The most famous being Jules et Jim. "It's funny how that's rather got stuck to Talking It Over," Barnes says, genially of course. "It's probably behind the film more than the book. I certainly didn't think of myself as being inspired by Jules et Jim when I wrote the novel."

But it is mentioned. On page 22 Stuart tells the reader : "It was like that French film where they all go bicycling together." On page 23 Oliver follows up: "Let me guess. Jules et Jim? Am I right?"

"The reason I put it in," Barnes says, "is because it's the sort of cultural reference-point that Oliver goes in for, and as a hint to the reader about how things are going to turn out. I suppose I miscalculated really, because it's read as an indication that you are reworking this thing when you have no intention of doing so. I think the French publisher referred to Jules et Jim on the back, and lots of critics picked up on it. It does no harm," he concludes, with the merest trace of exasperation.

Jules et Jim also pops up in Metroland. "Really?" Page 112. "Hang on, I'll get it."

His voice, always mellifluous, goes up an octave. "Oh yes. 'In a month together they had become inseparable. I made the natural comparison with Jules et Jim.' God, I'm clearly obsessed with this film, and put it in all my books, and don't realise that it's a severe influence."

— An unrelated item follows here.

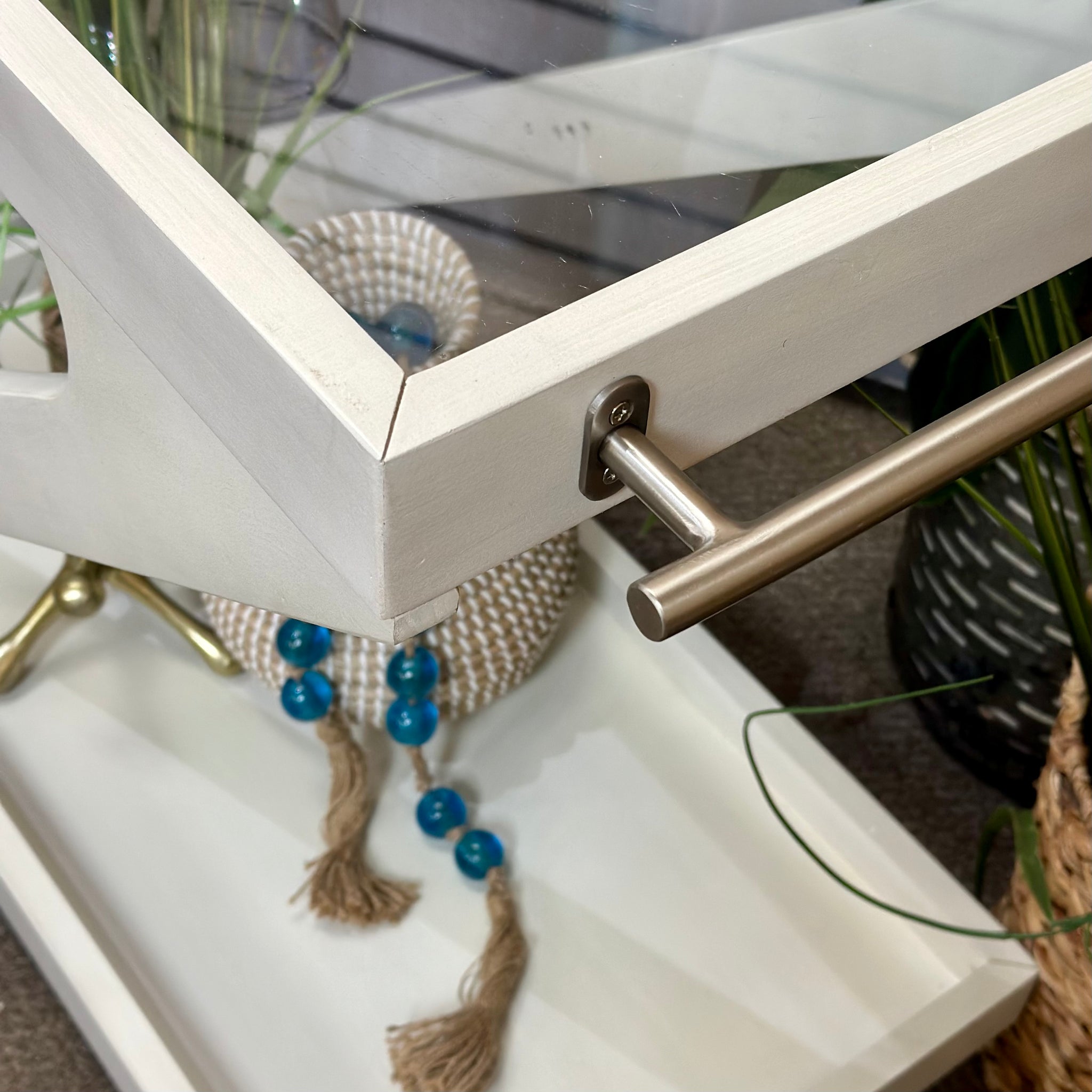 Swanky and modern bar cart in a warm, ivory finish and a unique Z shape. Brand New!

Barnes has seen both films, and - guess what - he likes them. But again there are gradations of tone. Love Etc is adjudged "good" and "very well acted". Metroland is only "quite good", and Barnes's praise for the cast is selective: "I thought they were all good, but the two women stole it." They are Emily Watson, "who of course is superb"as the wife, and the French actress Elsa Zylberstein (from Mina Tannenbaum), "who's fantastic" as the fabulous first love. Just as France returns Barnes's affections, making him the first Briton to win two of its leading literary prizes, so does Zylberstein. "I love his books," she says, with more than the required level of gush. "So wise, so human, so intimate, so funny."

Note the adjectives: she didn't say clever. British critics are always going on about Barnes's cleverness, and are apt to consider it a weakness. Listening to Andrew Bendel and Christian Bale, I had wondered if Metroland was going to be dumbed down. In fact, something subtly different has happened: the story has been pared down, and therefore warmed up.

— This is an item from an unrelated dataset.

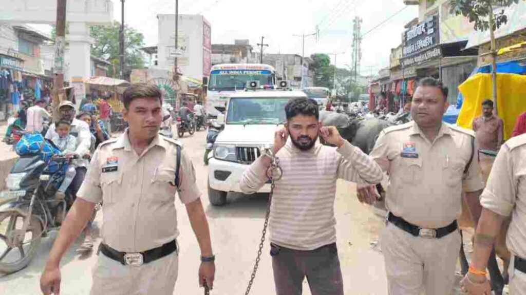 तखतपुर : तखतपुर क्षेत्र में लंबे समय से फरार चल रहे कुख्यात हिस्ट्रीशीटर राहुल धुरी उर्फ गोलू को पुलिस ने आखिरकार धर दबोचा। छेड़छाड़, चाकूबाजी और बलवा जैसे गंभीर मामलों में शामिल आरोपी के खिलाफ तखतपुर थाने में कुल 6 मामले दर्ज हैं। गिरफ्तारी के बाद पुलिस ने उसे नगर में जुलूस की शक्ल में घुमाकर गुंडों को सख्त चेतावनी दी।

What both films show is that if you strip away some of Barnes's clever stuff, as the cinema has to, you are left with different clever stuff - with emotional intelligence, applied to everyday situations. The reason Bendel has fought for seven years to bring Metroland to the screen is that "it's about something we can all relate to - being rebellious and artistic when you're young, and then ending up at 30-something, married with a kid in suburbia, and a steady job, and yet being quite content. That's a very common experience."

Christian Bale's Chris, not macho but still very male, articulate without being communicative, emerges as a hero for our time, a middle-class everyman - a Nick Hornby kind of guy. Hornby, of course, was still in tight football shorts when Barnes started winning literary prizes.

I put the point to Barnes. "Aahh," he said, like a very polite wounded animal. "Hm. Why don't you say Nick Hornby's heroes are Metroland heroes?"

"I'm not actually accusing you of being influenced by him."

The celebrated courtesy finally cracks. "Well that's a bloody relief."

'Love Etc' (15) opens Fri. 'Metroland' follows in Sept.